Borrowings under the Credit Agreement are subject to certain conditions, and the Credit Agreement contains customary events of default, including, without limitation, failure to make payments, a cross-default to certain other debt, breaches of covenants, breaches of representations and warranties, a change in control, certain monetary judgments and bankruptcy and certain events under the Employee Retirement Income Security Act of 1974 (“ERISA”). Upon any such event of default, the principal amount of any unpaid loans and all other obligations under the Credit Agreement may be declared immediately due and payable. The maximum availability under the Credit Agreement is limited by a borrowing base formula, which consists of a percentage of eligible inventory and eligible credit card receivables, less reserves.
The Company is subject to a Second Amended and Restated Security Agreement (the “Security Agreement”) with its lender. Pursuant to the Security Agreement, the Company pledged and granted to the administrative agent, for the benefit of itself and the secured parties specified therein, a lien on and security interest in all of the rights, title and interest in substantially all of the Company’s assets to secure the payment and performance of the obligations under the Credit Agreement.
As of July 30, 2022, the Company was in compliance with the covenants in the Credit Agreement.
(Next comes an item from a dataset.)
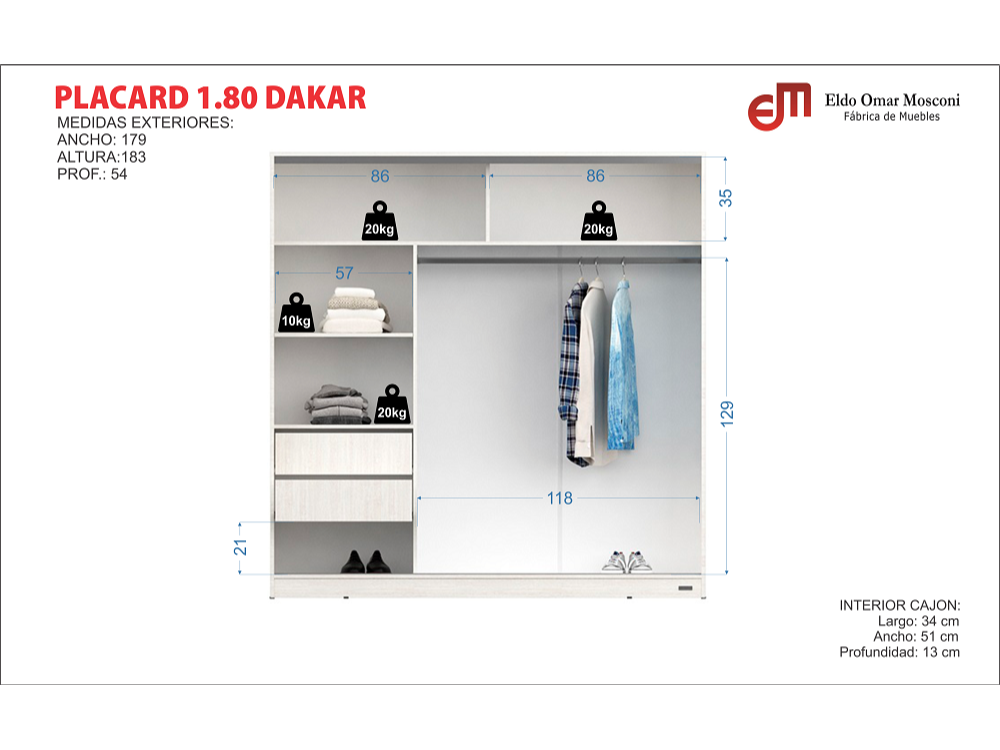 Placard Dakar 1.80 Mts - (3 colores)

Under the Credit Agreement, there were $55.0 million in outstanding borrowings and no letters of credit outstanding with approximately $20.0 million available for borrowing as of July 30, 2022.
11
Note 10 – New Accounting Pronouncements
New Accounting Pronouncements Not Yet Adopted
In March 2020, the FASB issued ASU 2020-04, “Reference Rate Reform (Topic 848): Facilitation of the Effects of Reference Rate Reform on Financial Reporting.” This guidance is in response to accounting concerns regarding contract modifications and hedge accounting because of impending rate reform associated with structural risks of interbank offered rates, and, particularly, the risk of cessation of the LIBOR related to regulators in several jurisdictions around the world having undertaken reference rate reform initiatives to identify alternative reference rates. The guidance provides optional expedients and exceptions for applying GAAP to contracts, hedging relationships, and other transactions affected by reference rate reform if certain criteria are met. The adoption of this guidance is effective for all entities as of March 12, 2020 through December 31, 2022. The Company does not expect the adoption of this guidance to have a material impact on its condensed consolidated financial statements and related disclosures.
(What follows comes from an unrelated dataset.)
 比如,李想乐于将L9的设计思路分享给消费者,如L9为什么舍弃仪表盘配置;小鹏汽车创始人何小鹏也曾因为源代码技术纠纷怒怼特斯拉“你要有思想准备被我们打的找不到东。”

Note 11 — Subsequent Event
Subsequent to July 30, 2022, the Company borrowed an additional $5.0 million under the Credit Agreement.
12
ITEM 2. MANAGEMENT’S DISCUSSION AND ANALYSIS OF FINANCIAL CONDITION AND RESULTS OF OPERATIONS
The following discussion and analysis is intended to provide the reader with information that will assist in understanding the significant factors affecting our consolidated operating results, financial condition, liquidity, and capital resources during the 13-week and 26-week periods ended July 30, 2022 and July 31, 2021. For a comparison of our results of operations for the 52-week periods ended January 29, 2022 and January 30, 2021, see “Part II, Item 7. Management’s Discussion and Analysis of Financial Condition and Results of Operations” of our Annual Report on Form 10-K for the fiscal year ended January 29, 2022, filed with the SEC on March 25, 2022. This discussion should be read with our consolidated financial statements and related notes included elsewhere in this Quarterly Report on Form 10-Q.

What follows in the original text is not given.